= TASK TO COMPLETE =
The response should consist of the data below, copied exactly, with no pictures in it.

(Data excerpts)
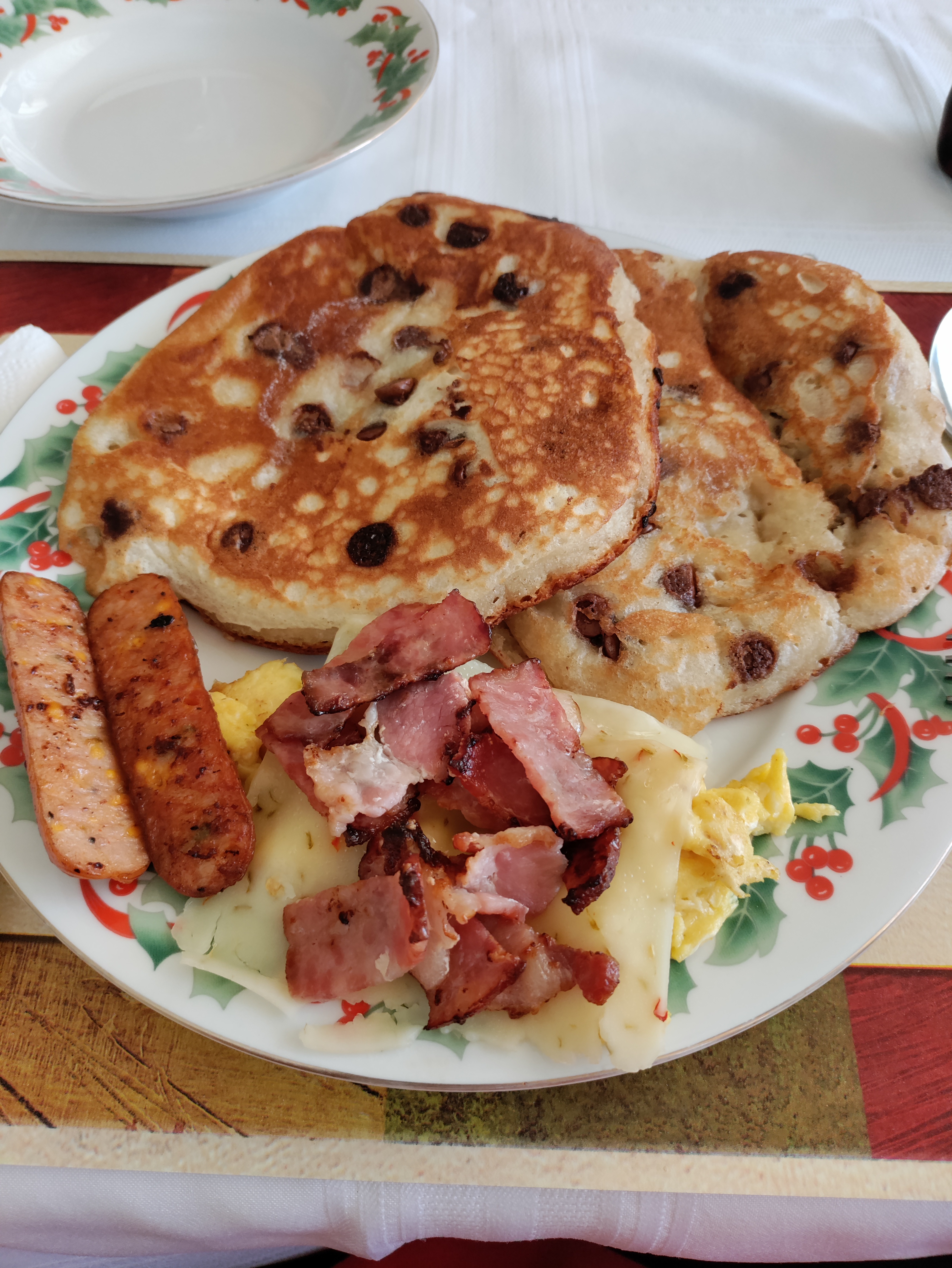 Cook for 3 minutes, until bubbles start to appear on the surface. If adding any toppings like chocolate chips or small fruit , sprinkle over the pancake. Flip the pancake over and cook for another 2 minutes, until golden brown. Repeat with the remaining batter.
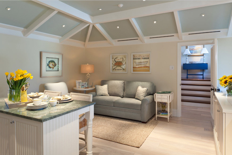 При помощи подвесного потолка с разными уровнями также можно визуально отделять одну зону от другой. Например, на кухне создается потолок более низкий, чем в гостиной. При этом для освещения рабочей зоны могут использоваться софиты, а обеденной – подвесные светильники. Какую именно часть потолка делать ниже, прежде всего, зависит от высоты помещения и того, насколько потолок ровный.
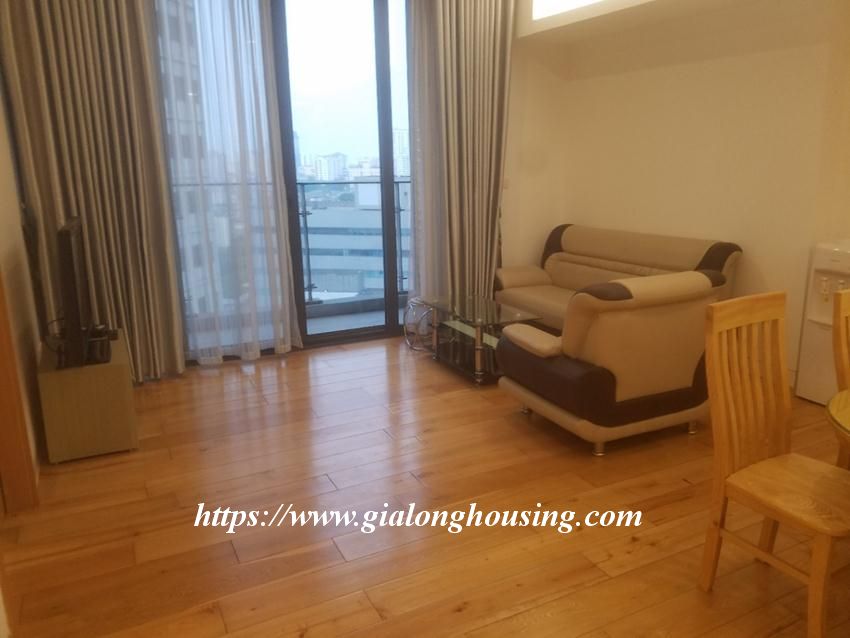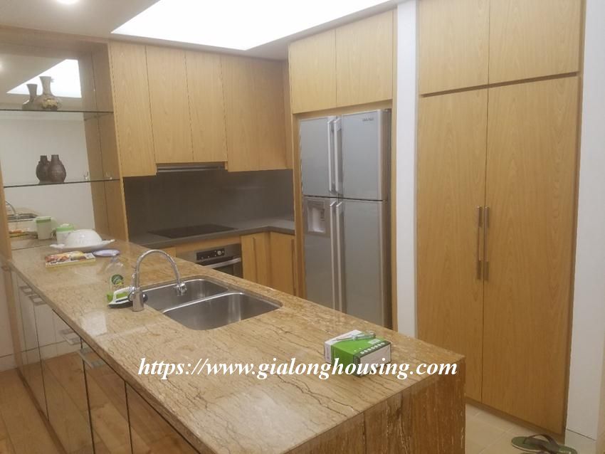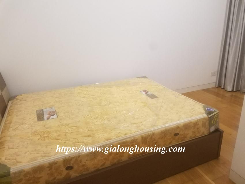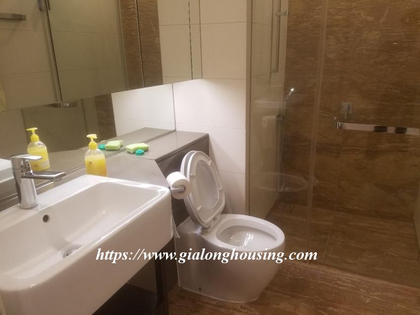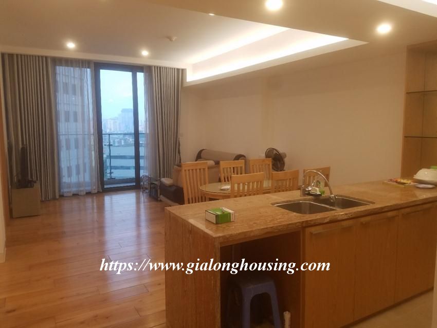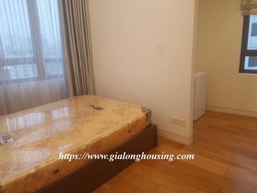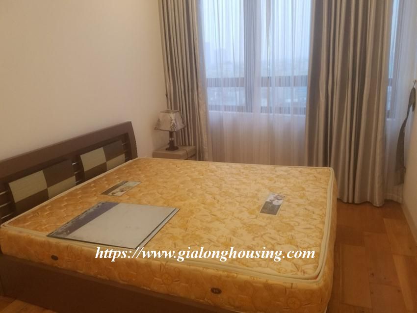 The total area is 110 sq m, 03 bedrooms and 02 bathrooms. The living room and the kitchen are combined. The apartment is fully furnished and ready for you to move in. The view from the balcony is a corner of Hanoi city. The building has cinema, shopping center, pool and fitness center.
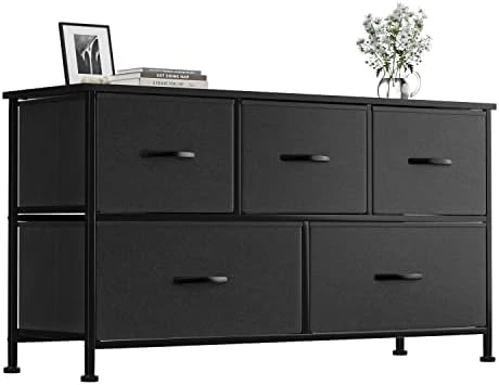 - 【Large storage space】Features 5 removable drawers, add up to a total of 140lbs of storage, you can put books, clothes, toys and other household items; Wooden table tops also provide plenty of space for decorative items or sundries.
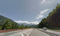Das Straßenschild in den Alpen weist den Weg nach Chamonix / Frankreich. Es handelt sich um ein französisches Schild. Drehort ist die früher zweispurige, heutige vierspurig ausgebaute Nationalstraße N 205 (bzw. Europastraße E 25) bei Les Houches / Frankreich. Diese Aufnahme, die auch bei den Dreharbeiten zu LORIMARs "Lace" ("Blutsbande"; 1984) entstand, blieb in der ursprünglichen Produktion ungenutzt.
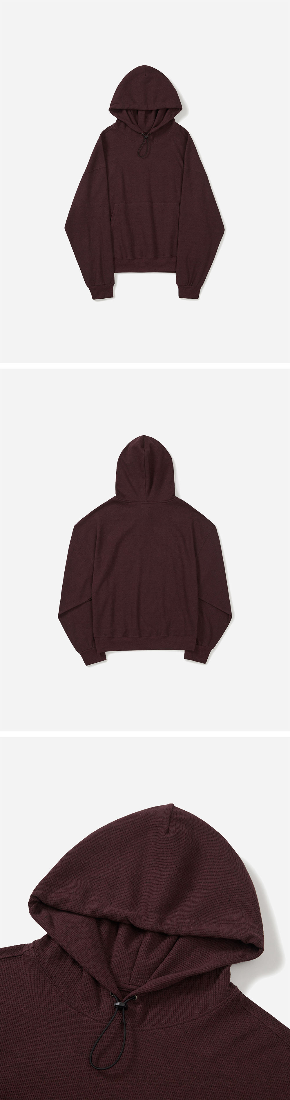 / Details. - 얇고 가벼운 와플 소재로 제작된 후드 티셔츠 - 러프한 원단감이 매력적인 아이템 - 유려하게 드레이프 되는 릴렉스 핏 실루엣 - 미니멀한 무드의 후드 프런트 아일렛과 스트링 스토퍼 어드저스터 디테일 - 브랜드 시그니처 라벨 포인트

= YOUR SOLUTION =
 Cook for 3 minutes, until bubbles start to appear on the surface. If adding any toppings like chocolate chips or small fruit , sprinkle over the pancake. Flip the pancake over and cook for another 2 minutes, until golden brown. Repeat with the remaining batter.
 При помощи подвесного потолка с разными уровнями также можно визуально отделять одну зону от другой. Например, на кухне создается потолок более низкий, чем в гостиной. При этом для освещения рабочей зоны могут использоваться софиты, а обеденной – подвесные светильники. Какую именно часть потолка делать ниже, прежде всего, зависит от высоты помещения и того, насколько потолок ровный.
 The total area is 110 sq m, 03 bedrooms and 02 bathrooms. The living room and the kitchen are combined. The apartment is fully furnished and ready for you to move in. The view from the balcony is a corner of Hanoi city. The building has cinema, shopping center, pool and fitness center.
 - 【Large storage space】Features 5 removable drawers, add up to a total of 140lbs of storage, you can put books, clothes, toys and other household items; Wooden table tops also provide plenty of space for decorative items or sundries.
Das Straßenschild in den Alpen weist den Weg nach Chamonix / Frankreich. Es handelt sich um ein französisches Schild. Drehort ist die früher zweispurige, heutige vierspurig ausgebaute Nationalstraße N 205 (bzw. Europastraße E 25) bei Les Houches / Frankreich. Diese Aufnahme, die auch bei den Dreharbeiten zu LORIMARs "Lace" ("Blutsbande"; 1984) entstand, blieb in der ursprünglichen Produktion ungenutzt.
 / Details. - 얇고 가벼운 와플 소재로 제작된 후드 티셔츠 - 러프한 원단감이 매력적인 아이템 - 유려하게 드레이프 되는 릴렉스 핏 실루엣 - 미니멀한 무드의 후드 프런트 아일렛과 스트링 스토퍼 어드저스터 디테일 - 브랜드 시그니처 라벨 포인트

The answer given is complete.